What to produce: Transcribe exactly the lines that fall between the one holding "経理アウトソーシングと外注との違いは、以下の表の通りです。" and the one holding "pH 范圍(1~13) 內(nèi)進(jìn)行更有效的化學(xué)清洗的關(guān)鍵原因之一。", inclusive, from the entries below.

Supplied material:
=== Begin Enclosure ===

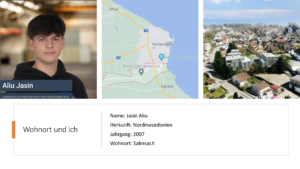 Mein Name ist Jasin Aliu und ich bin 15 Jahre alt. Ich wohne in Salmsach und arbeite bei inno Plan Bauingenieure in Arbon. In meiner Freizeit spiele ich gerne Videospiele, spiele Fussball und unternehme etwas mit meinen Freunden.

=== End Enclosure ===
=== Begin Enclosure ===

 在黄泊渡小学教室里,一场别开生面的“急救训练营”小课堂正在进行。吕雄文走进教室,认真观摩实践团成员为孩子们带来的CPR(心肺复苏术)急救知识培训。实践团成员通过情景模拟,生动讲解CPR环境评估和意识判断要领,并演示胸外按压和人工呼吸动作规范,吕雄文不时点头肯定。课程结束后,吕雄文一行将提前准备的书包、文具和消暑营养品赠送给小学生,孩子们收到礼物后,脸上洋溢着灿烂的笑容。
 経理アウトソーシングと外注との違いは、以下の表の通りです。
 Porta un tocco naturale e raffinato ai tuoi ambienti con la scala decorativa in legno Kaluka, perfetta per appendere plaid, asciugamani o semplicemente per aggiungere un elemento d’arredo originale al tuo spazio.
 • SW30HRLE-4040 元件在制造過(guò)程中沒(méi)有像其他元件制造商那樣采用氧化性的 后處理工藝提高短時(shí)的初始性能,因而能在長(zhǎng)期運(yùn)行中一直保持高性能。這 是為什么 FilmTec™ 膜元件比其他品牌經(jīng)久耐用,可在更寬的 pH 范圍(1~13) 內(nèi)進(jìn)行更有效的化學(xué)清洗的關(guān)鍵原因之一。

=== End Enclosure ===
=== Begin Enclosure ===

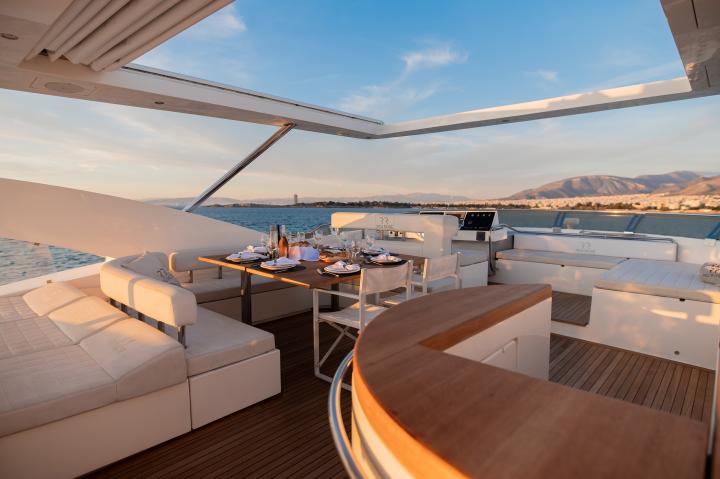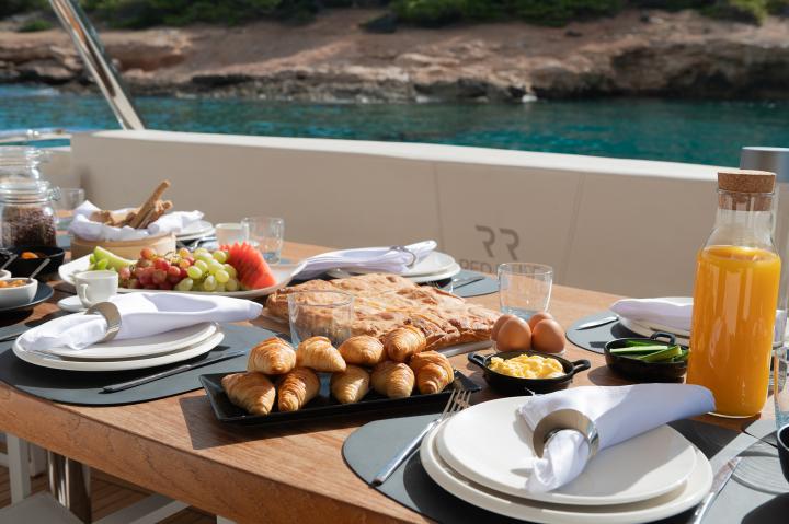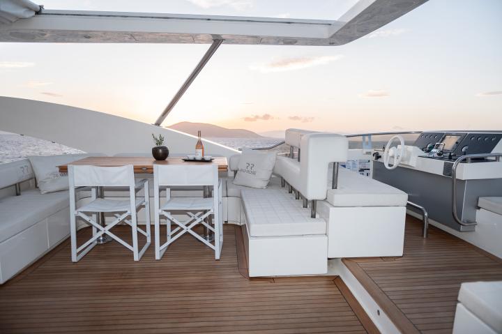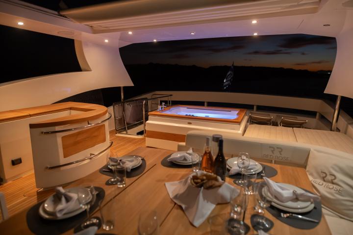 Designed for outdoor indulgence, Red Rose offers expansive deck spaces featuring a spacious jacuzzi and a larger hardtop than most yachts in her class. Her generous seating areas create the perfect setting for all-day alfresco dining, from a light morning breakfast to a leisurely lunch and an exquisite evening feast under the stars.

=== End Enclosure ===

Written answer:
 経理アウトソーシングと外注との違いは、以下の表の通りです。
 Porta un tocco naturale e raffinato ai tuoi ambienti con la scala decorativa in legno Kaluka, perfetta per appendere plaid, asciugamani o semplicemente per aggiungere un elemento d’arredo originale al tuo spazio.
 • SW30HRLE-4040 元件在制造過(guò)程中沒(méi)有像其他元件制造商那樣采用氧化性的 后處理工藝提高短時(shí)的初始性能,因而能在長(zhǎng)期運(yùn)行中一直保持高性能。這 是為什么 FilmTec™ 膜元件比其他品牌經(jīng)久耐用,可在更寬的 pH 范圍(1~13) 內(nèi)進(jìn)行更有效的化學(xué)清洗的關(guān)鍵原因之一。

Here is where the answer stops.